Engineer and inventor Nikola Tesla, born on this day in 1856

Thought for the day, Sunday 9th July

“Grant us to walk in beauty, seeing the uncommon in the common, aware of the great stream of wonder in which we and all things move. Give us to see more deeply into the great things of our heritage, and the simple but sublime truths hidden in every leaf and every rock. May our hands treat with respect the things which You have created. May we walk with other creatures as sharers with them in the one life that flows from You.”

Jacob Trapp (1899 – 1992), Unitarian minister

Thought for the day, Saturday 8th July

“I am the breath of the Most High, blanketing the earth like mist, filling the sky with towering clouds.
I encompass distant galaxies, and walk in the innermost abyss.
Over crest and trough, over sea and land, over every people and nation I hold sway…
Before time, at the beginning of beginnings, God created Me. And I shall remain forever…
I grew tall like a cedar in Lebanon, and like a cypress on the heights of Hermon.
I grew tall like a palm tree in En-gaddi, and as a rose plant in Jericho, as a fair olive tree in a pleasant field, and grew up as a plane tree by the water.
I gave a sweet smell like cinnamon and camel’s thorn, and I yielded a pleasant odour like the best myrrh, like galbanum, onyx, and storax, and like the fragrance of frankincense in the tabernacle.
Like a terebinth I spread out my branches, and my branches are glorious and graceful.
Like a vine I caused loveliness to bud, and my blossoms became glorious and abundant fruit.
I am the Mother of true love, wonder, knowledge, and holy hope.
Beyond time, I am yet given to time, a gift to all My children: to all that He has named.
Come to me, you who desire me, and eat your fill of my produce.
For the remembrance of me is sweeter than honey, and my inheritance sweeter than the honeycomb.
Those who eat me will hunger for more, and those who drink me will thirst for more…
At first I was like a narrow stream from a river, and as a shallow brook into a garden.
I said, I will water my best garden, I will moisten my finest beds,
Then my brook became a river, and my river became a sea.
I make instruction shine forth like the dawn, its shimmering seen from afar.
I pour out teaching like prophecy, and leave it for future generations.
Know this: I do not labour for myself alone, but for all you who seek Wisdom.”

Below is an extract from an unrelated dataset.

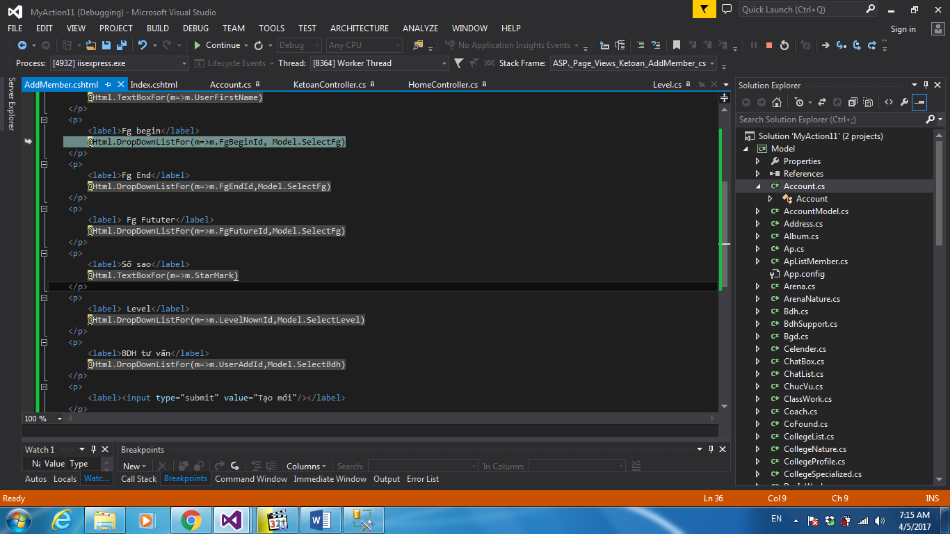Ở View sử dụng razo tạo DropDownListFor để lấy giá trị vào cho khoá phụ:
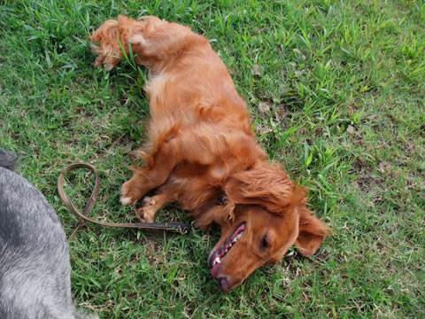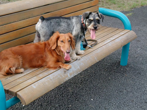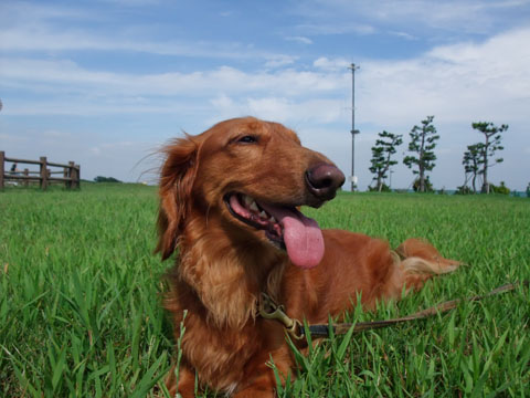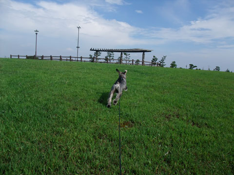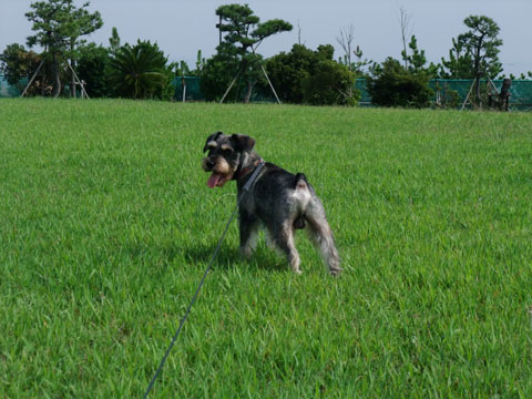 お父ちゃんが暑さに負けて気持ち悪くなってきたので、ここで散歩終了。

From The Wisdom of Jesus Ben Sirach (also known as Ecclesiasticus), chapter 24

Thought for the day, Friday 7th July

“There is a bird on this body tree
That dances in the ecstasy of life.
No one knows where it is,
And who could ever know
What its music means?
It nests where branches cast deep shadow;
It comes in the dusk and flies away at dawn
And never says a word of what it intends.

No one can tell me anything
About this bird that sings in my blood.
It isn’t coloured or colourless;
It doesn’t have a form, or outline;
It sits always in the shadow of love.
It lives within the Unreachable, the Boundless, the Eternal
And no one can tell when it comes or when it goes.

Kabir says, “Fellow seeker,
The mystery of this bird
Is marvellous and profound.
Be wise; struggle to know
Where this bird comes to rest.”

Kabir (15th century India)

Thought for the day, Tuesday 4th July

“We have become used to the possession of certain inalienable rights: life, liberty, the pursuit of happiness, among others, in our modern world. These are rights that we take for granted, that are enshrined in constitutions and maintained by the law of the land; and yet even within civilized societies there are many who do not enjoy these rights. The poor, the disadvantaged, and others who live on the margins of society need the actions and voices of those who honour the commitment to the alienable rights that we should all enjoy.”